A woman diagnosed with breast cancer has more treatment options than ever before. Evidence is mounting that newer forms of treatment called targeted therapies, used in combination with traditional treatments, are improving outcomes for breast cancer patients. Targeted therapies refer to treatments that attack tumors with minimal harm to healthy tissue. They are categorized into three major types based on the method in which they attack the tumor: aromatase inhibitors, HER-2 therapy and anti-angiogenesis drugs.

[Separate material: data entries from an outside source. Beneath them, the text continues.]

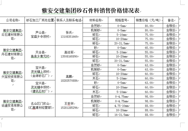 四、運(yùn)通貿(mào)易有限公司。運(yùn)通公司是雅安市交通建設(shè)(集團(tuán))有限責(zé)任公司獨(dú)資子公司,主要負(fù)責(zé)雨城區(qū)中心城區(qū)河道外砂石經(jīng)營(yíng)管理工作。目前,公司與兩家企業(yè)確定了代加工合作關(guān)系:一是名山區(qū)匯鑫建材經(jīng)營(yíng)部,該企業(yè)位于名山區(qū)門(mén)坎山,已投產(chǎn);二是雅安市名山區(qū)雙飛化工商貿(mào)有限公司該公司位于名山區(qū)馬鞍山,已具備生產(chǎn)加工能力;預(yù)計(jì)年生產(chǎn)能力約80萬(wàn)噸。
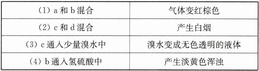 20.有a、b、c、d四种气体,进行下列实验(已知溴单质可被碱性物质吸收),则a、b、c、d依次可能是 ( )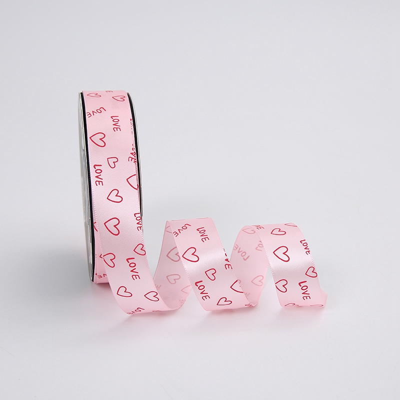 Лента декоративная “Love”, полиэстер, 25 мм х 35 ярд., розовый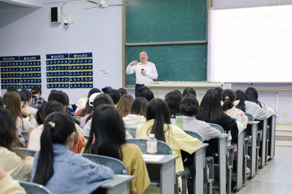 徐晓宗针对国家安全环境及形势的最新变化进行深入剖析,详细地阐述当前中国所面临的主要安全挑战。他深入探讨国家安全概念的演变历程,细致分析传统安全威胁与非传统安全威胁的不同类型。他指出,随着中国在不同历史时期和背景下的发展,国家安全观也经历了从“居安思危”到“大一统”,再到“崇尚和平、注重防御、刚柔并济”的历史性转变。授课期间,徐晓宗就国际形势由“两极格局”到“一超多强”的转变,提出“如何看待美国的衰退与中国的崛起”这一深刻议题,引发同学们的热烈讨论。他指出,面对世界百年未有之大变局,同学们应具备识变之智、应变之方、求变之勇的素质和能力,增强忧患意识,做到居安思危,始终贯彻总体国家安全观,以积极的态度和行动为世界和平与繁荣贡献新的力量。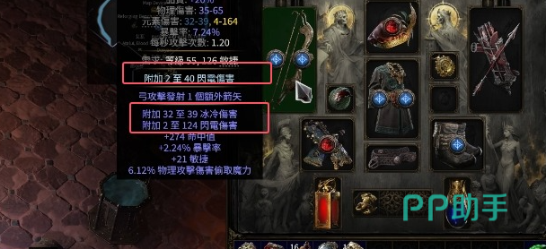 还需要学习鬼魂之舞,就能获得更长的续航时间。若是学习战斗狂怒的话,就能更快充能让你源源不断的释放闪电。搭配上清晰辅助的话,更快回蓝。对于武器的话,要选择能够增加攻速以及闪电伤害的弓箭,若是帽子的话就叠加抗性就好,进一步增强自己的生存能力。
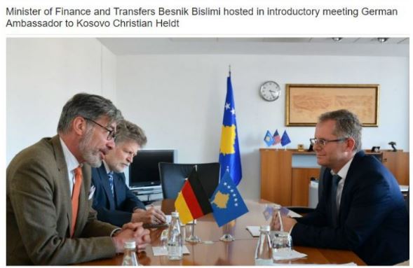 Në takimin e parë që Besnik Bislimi pati si ministër me Ambasadorin gjerman në Kosovë, Christian Heldt fotografia e Hashim Thaçit nuk duket askund.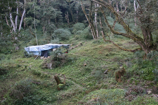 工寮,附近發現很多山葵,但似乎已久無人管理。續行的山路仍持續腰繞緩上。H2018m |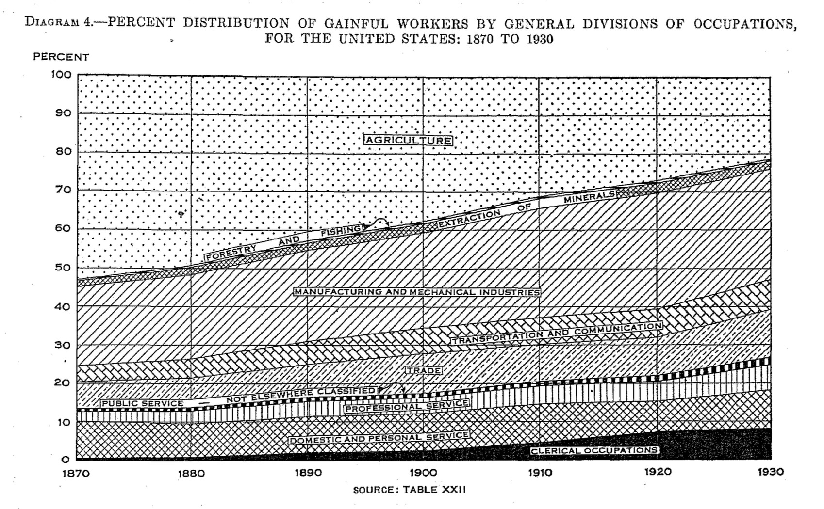 当这种情况发生在你们这一代人身上时,人们自然而然地会担心这一次不会再有新的工作岗位出现。我们可以看到一些工作岗位正在消失,但我们无法预测新的工作岗位会是什么,而且通常它们还不存在。根据经验,我们知道(或应该知道),过去总会有新工作出现,而且这些工作也是不可预测的:1800 年的时候,没人会预测到 1900 年有一百万美国人从事“铁路”工作, 1900 年的时候,没人会预见到“视频后期制作”或“软件工程师”会成为一个工作类别。但仅仅因为过去一直都这样,就相信这种情况现在还会发生似乎还不够。你怎么知道这次会延续之前的情况呢?这次会不一样吗?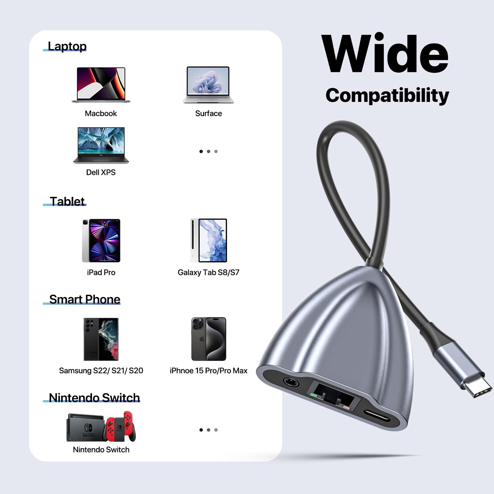 как выглядит USB C to Ethernet Adapter with Charging Port 1Gbps RJ45 to USB C Hub Ethernet... фото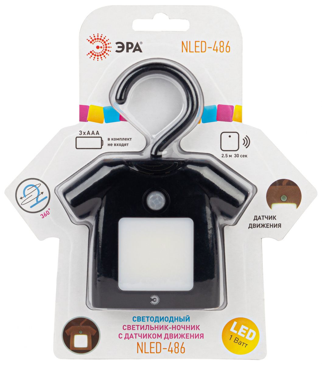 Модель ЭРА NLED-486-1W-MS-BK оснащена датчиком движения, который автоматически включает подсветку при движении в зоне 2,5 м. Выключается самостоятельно через 30 секунд после окончания движения. Светильник с датчиком движения выпускается в черном цвете. Ночники без датчика - в белом NLED-485-1W-SW-W и голубом NLED-485-1W-SW-BU цветах.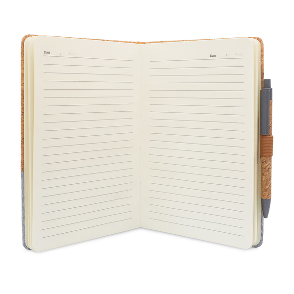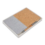 Zestaw z notesem Tossa to elegancki i ekologiczny gadżet reklamowy, idealny dla firm pragnących promować zrównoważone rozwiązania. Ten notes łączy naturalny korek z płótnem, tworząc produkt o unikalnym i stylowym designie. W formacie A5 z 80 kartkami w linie o gramaturze 70 g/m2, jest doskonały do codziennych notatek. Do zestawu dołączony jest długopis wykonany z korka, słomy pszennej i PP, co podkreśla ekologiczny charakter produktu. Pakowany w estetyczne pudełko, zestaw jest idealnym wyborem na upominek dla klientów biznesowych, pracowników oraz partnerów firmy. Z możliwością umieszczenia logo, zestaw z notesem Tossa staje się doskonałym narzędziem marketingowym, podkreślającym zaangażowanie firmy w promowanie zrównoważonych i przyjaznych dla środowiska praktyk. Jest to ideal

For the past 10 years, women whose tumors are hormone-receptor positive – meaning they are fueled by the hormones estrogen and progesterone – have been treated with a hormonal drug called tamoxifen for approximately five years after breast cancer surgery. The drug works by reducing estrogen’s ability to fuel cancer growth. Treatment of patients with hormone- sensitive breast cancer using tamoxifen reduced their risk of recurrence by 25 percent. More recently, a new class of drugs called aromatase inhibitors have been found to be significantly more effective than tamoxifen in reducing the ability of these cancers to grow. Aromatase inhibitors in post-menopausal patients with estrogen-receptor positive breast cancer are now considered first line of adjuvant therapy.

New hope has also arrived for women who develop an aggressive class of cancer tumors that produce too much of a gene called HER-2. These women tend to be younger and until recently, had little or no options after completing chemotherapy. That was the standard of care until the monoclonal antibody drug Herceptin was introduced to the market. The drug works by slowing or halting the growth of cancer cells with large amounts of HER-2. With 52 weeks of infusion with this antibody, more of these women are likely to be cured of their cancer.

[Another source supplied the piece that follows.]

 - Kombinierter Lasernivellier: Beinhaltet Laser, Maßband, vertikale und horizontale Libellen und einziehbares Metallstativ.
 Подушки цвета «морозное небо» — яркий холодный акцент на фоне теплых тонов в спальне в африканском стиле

Another class of drugs not limited to a specific type of tumor are anti-angiogenesis drugs. These drugs work by inhibiting the formation of new blood vessels that feed tumors. “They do not make the tumor go away, but they have been very effective in preventing their growth,” says James Talmadge, PhD, research specialist. One of these drugs, called Avastin, has been effective in treating colorectal cancer, and has recently shown success in prolonging survival rates in breast cancer as well.

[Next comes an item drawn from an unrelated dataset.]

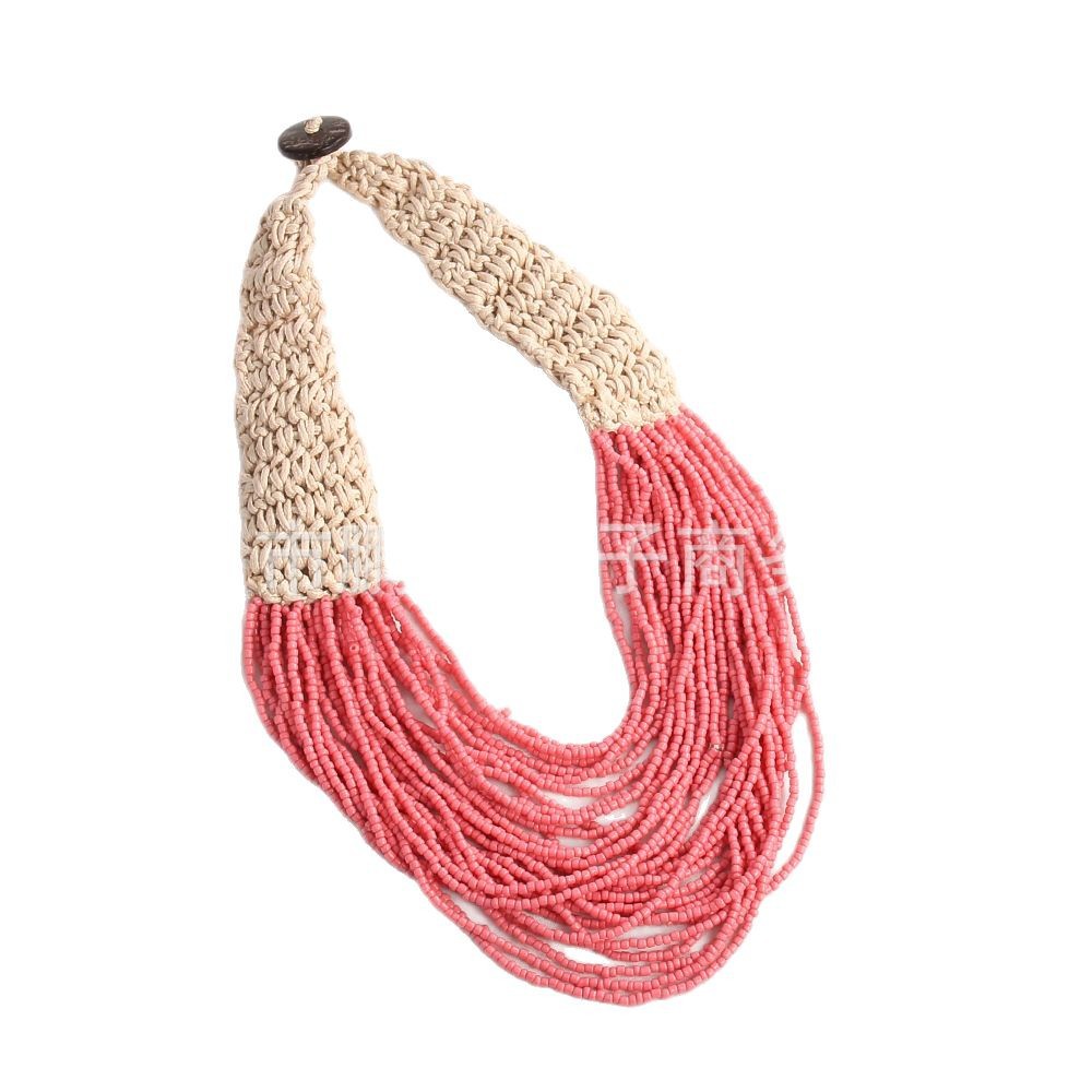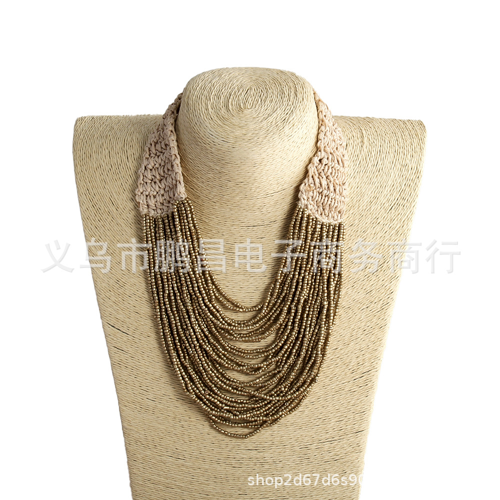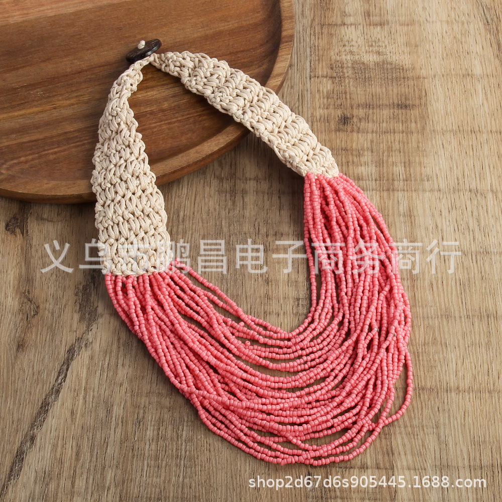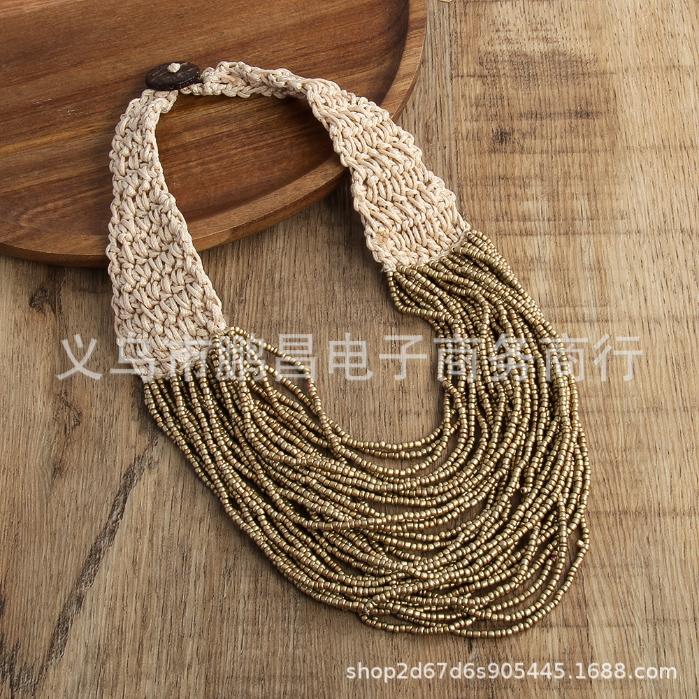 Fashion Bohemian Ethnic Style Exaggerated Women's Multi-layer Wax Rope Hand-woven Rice Bead Necklace Coconut Shell Buckle

“These new drug therapies are having a significant impact on our ability to fight breast cancer and hold much promise for the future of breast cancer treatment.”, James Talmadge, PhD

The development of vaccines is another area of drug research that is showing potential for fighting breast cancer. “We know they work and they have the advantage of being non-toxic,” says Dr. Talmadge. “The problem is that chemotherapy inhibits the activity of vaccines.” Even so, there are several vaccines in clinical trials that are showing promise.  “I think we will begin seeing success with more vaccines in the future,” says Dr. Talmadge. “Currently, there is tremendous excitement about a vaccine that has been shown to prevent the development of cervical cancer in 97 percent of women. We anticipate seeing additional success in the development of vaccines to prevent and treat cancer in the future.  These new drug therapies are having a significant impact on our ability to fight breast cancer and hold much promise for the future of breast cancer treatment.”